The right-hander made his major league debut last August with the Phillies, but after one game was claimed off waivers by Oakland. Cyr, who was born in Freemont, pitched in 11 games for his hometown team. In all, he had a 2.70 ERA with 16 strikeouts and five walks in 13⅓ innings in his first year in the majors.

In 39 games in Triple-A for Lehigh Valley and Las Vegas in 2022, Cyr had a 2.85 ERA with 45 strikeouts and 23 walks in 41 innings.

In his brief time in the majors last year, he primarily used his fastball (47.3 percent of the time) and changeup (33.5 percent). Apparently this offseason he’s also been working on a slider, which he shared on Twitter this week.

The changeup that Cyr uses featured a split-fingered grip that he got, as a Giants fan, from Tim Linceum at a fan fest in 2009 or 2010. Kerry Crowley at the San Jose Mercury News wrote about the interaction in 2020:

“My junior college coach approached me and said, ‘Hey, what do you got on this changeup,’ ” Cyr said. “I was like, ‘That’s actually the changeup Tim Lincecum throws.’ He said, ‘Okay, let it rip.’ ”

Cyr was drafted by the Giants in the 10th round in 2015 out of Embry-Riddle in Florida. His climb up the minor league ladder was sidelined by a fractured elbow that required surgery in 2018.

In 2019, Cyr mostly pitched for Double-A but ended the season with Triple-A Sacramento, who won the Pacific Coast League that year. That October, he shared his final pay stub, helping to shine a light on the low wages earned by minor league players.
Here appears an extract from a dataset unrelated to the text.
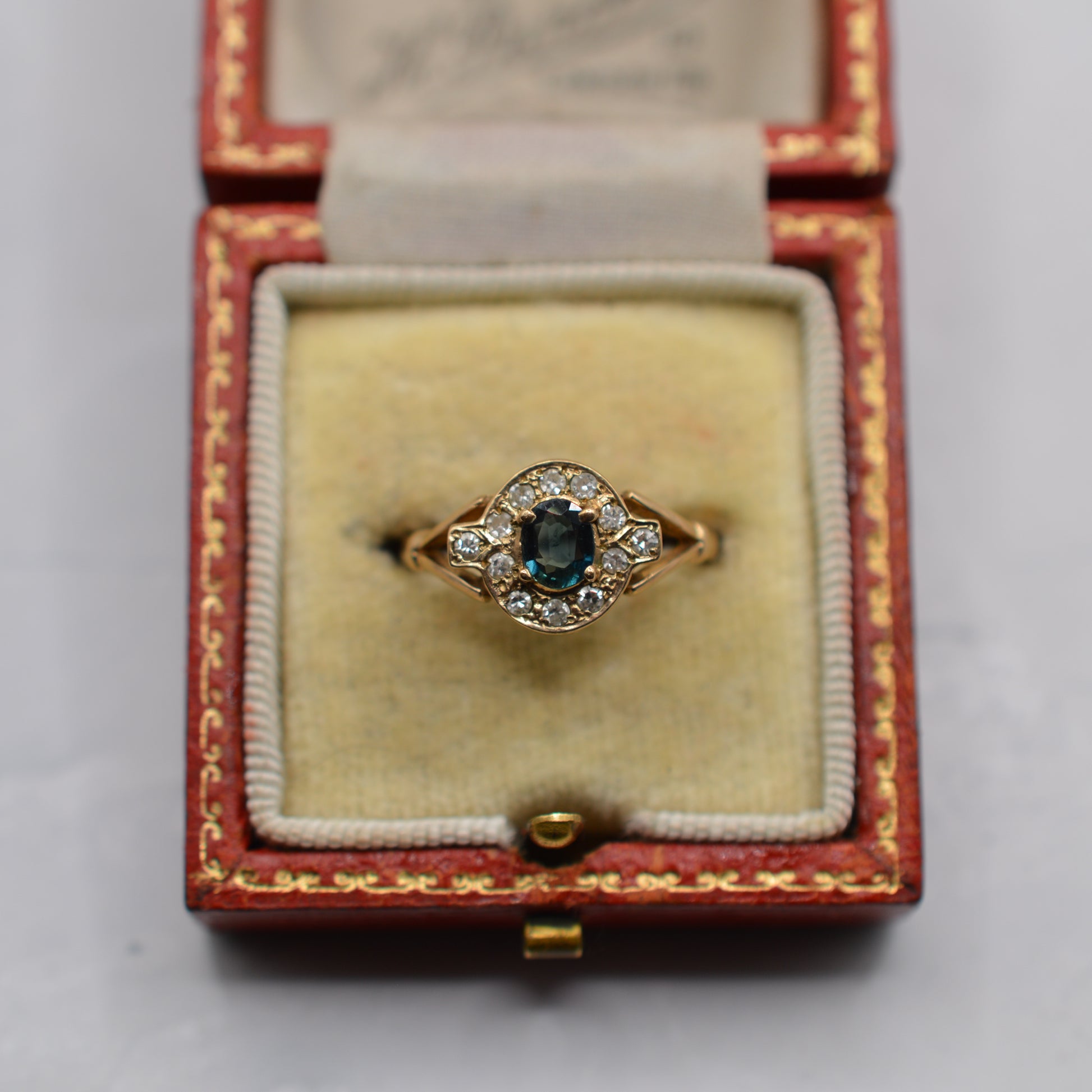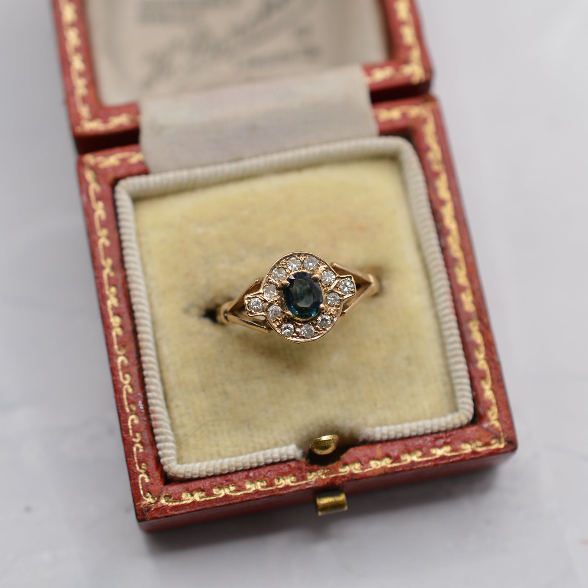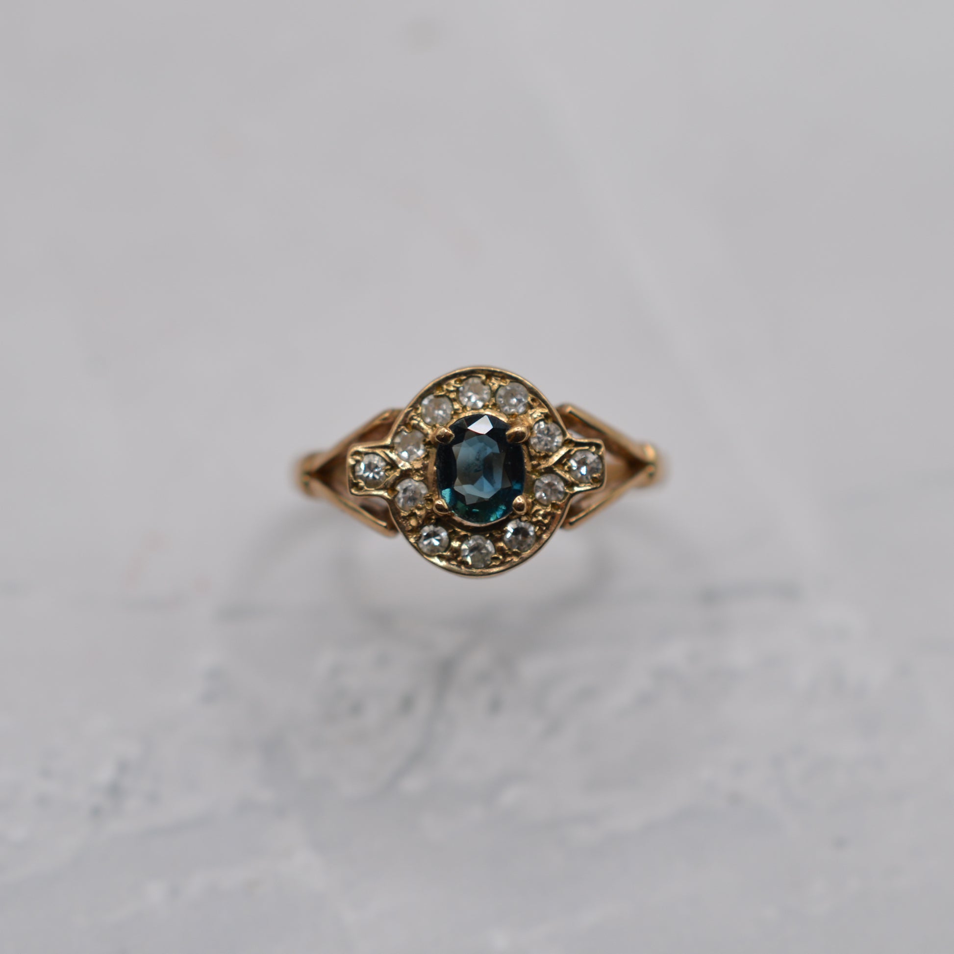A truly beautiful and rather unusual 1970s cluster ring! This fabulous 9ct yellow gold ring features an oval sapphire in a striking teal green-blue shade, framed by a sparkling halo of diamonds. The cluster is also flanked by an additional diamond on each shoulder, leading into elegant split shoulders to add gorgeous symmetry. A very Art-Deco inspired piece for all occasions!

After leaving San Francisco as a minor league free agent after seven years in the organization, Cyr signed with the Phillies before last season, and debuted in August.

This offseason, Cyr pitched for Gigantes del Cibao in the Dominican Winter League — where he was a teammate of ex-Dodger Hanser Alberto, among others — allowing two runs in six innings over his six games.

Cyr has 34 days of major league service time and turns 30 in May. He was optioned while with Oakland last season but only for a total of 13 days, shy of the 20 days required to exhaust an option season. Should he make the Dodgers’ 40-man roster at some point, he has three option years remaining.

The first full pitchers and catchers workout in Dodgers camp is February 16 at Camelback Ranch in Glendale, Arizona.